In order to understand the content of those secret emails that we’re never going to see, I consulted my trusty Ouija board. It almost never fails.
According to my spirit guides, the crux of the missing emails is Texas Municipal Code Chapter 334. To review, for those of you who drink heavily and/or have been sleeping, noted commenter Carlos poined out for us the City of El Paso invoked Section 334.0082, to wit:
Sec. 334.0082. VENUE PROJECTS IN CERTAIN MUNICIPALITIES. (a) This section applies only to a municipality that:
(1) has a population of at least 176,000 that borders the Rio Grande, and that approved a sports and community venue project before January 1, 2009; or
(2) is located in a county adjacent to the Texas-Mexico border if:
(A) the county has a population of at least 500,000;
(B) the county does not have a city located within it that has a population of at least 500,000; and
(C) the municipality is the largest municipality in the county described by this subdivision.
(b) Notwithstanding any other law, including Section 334.089, after complying with Section 334.022, a municipality to which this section applies may hold an election under Section 334.024 on the question of approving and implementing a resolution to:
(1) authorize the municipality to plan, acquire, establish, develop, construct, or renovate a convention center and related infrastructure in the city limits of the municipality as part of an existing or previously approved sports and community venue project, regardless of whether the convention center is located on the premises of the existing or previously approved venue project;
(2) impose a tax under Subchapter H at a rate not to exceed two percent of the cost of a room; and
(3) authorize the municipality to finance, operate, and maintain the venue project described by Subdivision (1), including the convention center, using the revenue from any taxes imposed by the municipality under this chapter, including taxes previously approved in relation to the existing or previously approved venue project.

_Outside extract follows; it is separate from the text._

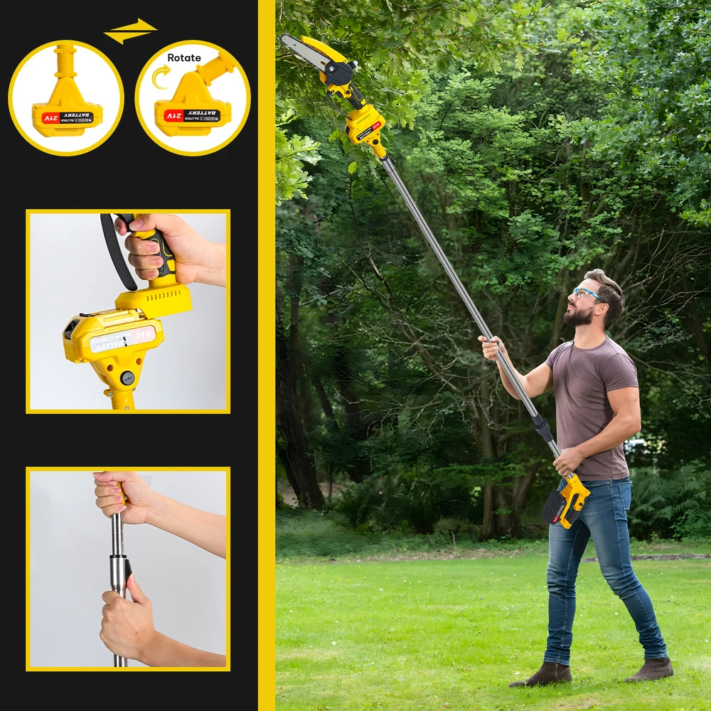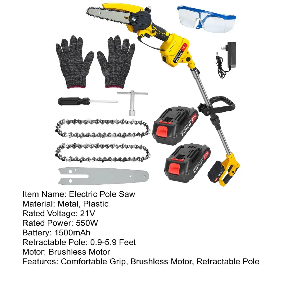 Other | | | | | | Categories Other > > > > > > > Cordless Pole Saw & Mini Chainsaw Combo for Tree Pruning > > > > > > < < < < < < < < < < < < < < > > > > > > > > > > > > > > Description : 0.9-5.9ft Retractable Extension Pole : The cordless pole saw has many new features: the extension pole can be connected to this handheld chainsaw, allowing you to extend up to 0.9-5.9ft feet for high branches trimming, the back of beds/borders and generally hard-to-reach areas, add the height of an adult (6ft) and you can reach 11.9 feet. Upgrade Sharp Chains & Brushless Motor : Professional brushless chainsaw uses an upgraded deeply quenched guide chain and brushless motor, which is extremely sharp and durable, enjoying a longer running time and a more efficient experience. Premium Material : The guide plate of the electric cordless chainsaw is forged from high hardness metal which is sharp. And the plastic shell offers you a comfortable grip. Outstanding Battery Life : Equipped with 2x 1.5Ah Batteries, the rechargeable electric chain saw ensures you can work for extended periods without interruptions. Enjoy the freedom of cordless operation with our cordless pole saw. Wide Applications : The cordless pole saw is an excellent alternative for all kinds of the household, garden, yard, or farm projects. It is suitable for wood cutting, tree limbs chopping, branch pruning, gardening and more. Item Name : Electric Pole Saw Material : Metal, Plastic Rated Voltage : 21V Rated Power : 550W Battery : 1500mAh Retractable Pole : 0.9-5.9 Feet Motor : Brushless Motor Features : Comfortable Grip, Brushless Motor, Retractable Pole Size Details : L: 30cm-180cm/11.82"-70.92", W: 15cm/5.91", H: 15cm/5.91" (Approx.) Notes : Due to the light and screen setting difference, the item's color may be slightly different from the pictures. Please allow slight dimension difference due to different manual measurement. Package Includes : 1 x Electric Pole Saw 1 x Telescopic Extension Pole 2 x Batteries 1 x Charger 1 x User Manual 2 x Chains 1 x Guide Plate 1 Pair of Gloves 1 Pair of Goggles Payment Shipping Return Contact Us 1. We acceptPayPal,Credit card,Debit card,Apple Pay,Google Pay ect as payment. 2. Please be sure your shipping address is correct before make a payment. 1. We ship to your eBay or Paypal address. Please make sure your eBay and Paypal address is correct before you pay. 2. Items will be shipped within 1-7 business days when we received payment. 3. Delivery time depends on destination and other factors. 4. International buyers please note: a. Import duties, taxes and charges are not included in the item price or shipping charges. These charges are buyer's responsibility. We will try our best to reduce the risk of the custom duties. b. Please check with your country's customs office to determine what these additional costs will be prior to buying. 30 DAY RETURN POLICY Customer Satisfaction is our main goal, all items are quality checked prior to being listed and sent out. Please contact us prior to leaving any Negative Feedback and allow us to make things right! If you not satisfied with it please include the original packaging and return form & tracking number otherwise the return may take longer to process the refund. Once we have received the item and inspected it we will issue the refund or resend within 1-7 business days. Please contact us in time if any enquriy under any circumstances. We greatly appreciate your positive feedback and we'll do the same to you. We care about our valued customers, and will always try our best to help you, if you have any problems. Working time: Greenwich Mean Time+8 / 9:00-18:30 in normal we will reply you in one working day.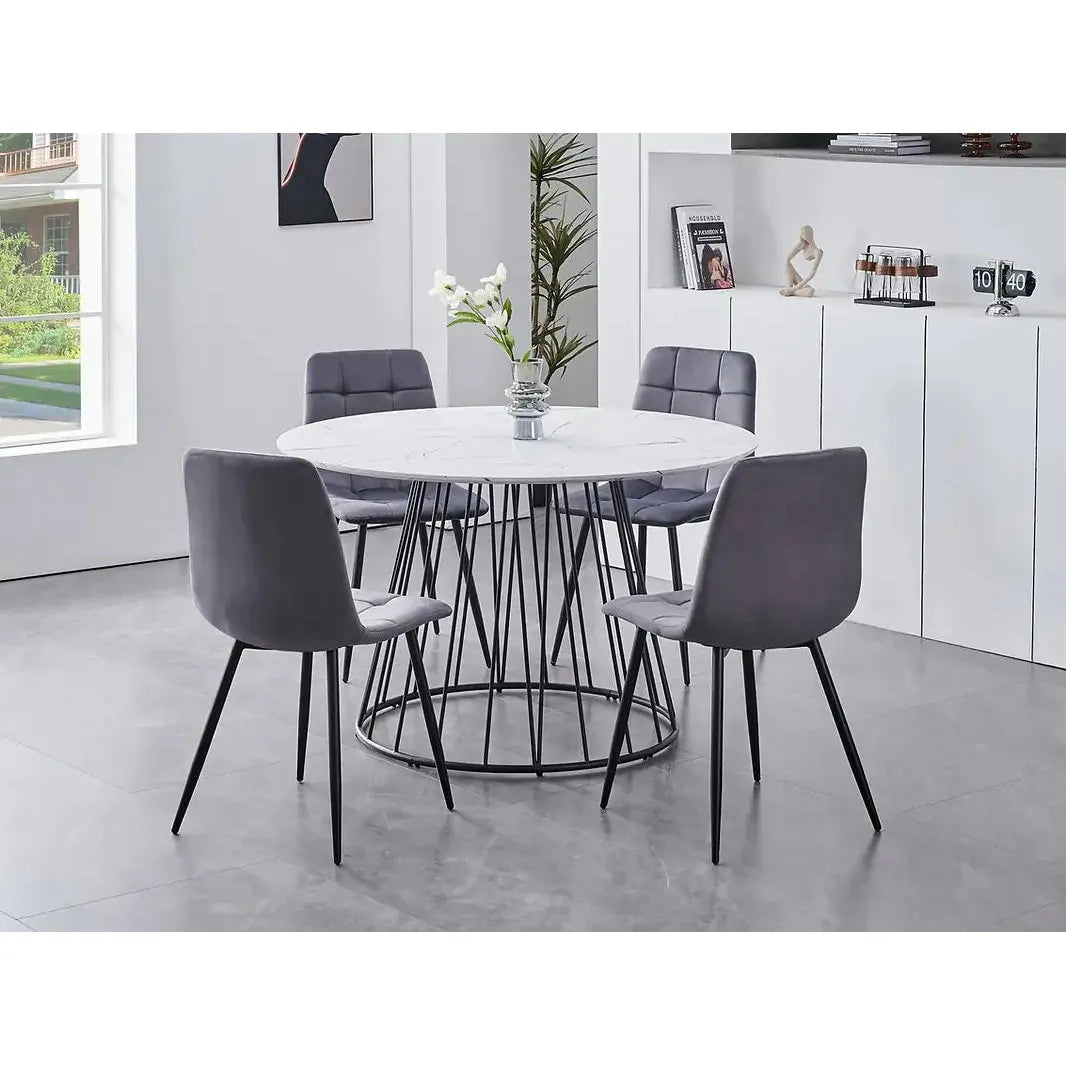 Dining room set with a round white table and gray velvet chairs

According to my guides beyond the pale, the bulk of the missing emails discussed whether or not the location of the new ballpark, i.e. the old City Hall, could be shoehorned into this exemption to the law.
Section 334.0082 was designed to let two communities in the Rio Grande Valley continue a couple of projects they had already started. As I recall, one was the legislative district that includes Star County, and the other was Uvalde County. I could be wrong, but I’m having a hard time finding the amendment records to make sure.
According to my Ouija board (which almost never fails), the missing emails discussed, in depth, whether the old City Hall qualified as “sports and community venue project” that was “approved before January 1, 2009.”
I could opine that El Paso never approved the ballpark, either before New Year’s Day, 2009, or after. But so far my opinion has been judged to be worth less than the nominal MSRP of two cents. I’d say it would be better to let the AG look into it, and see if the Texas Rangers really will show up.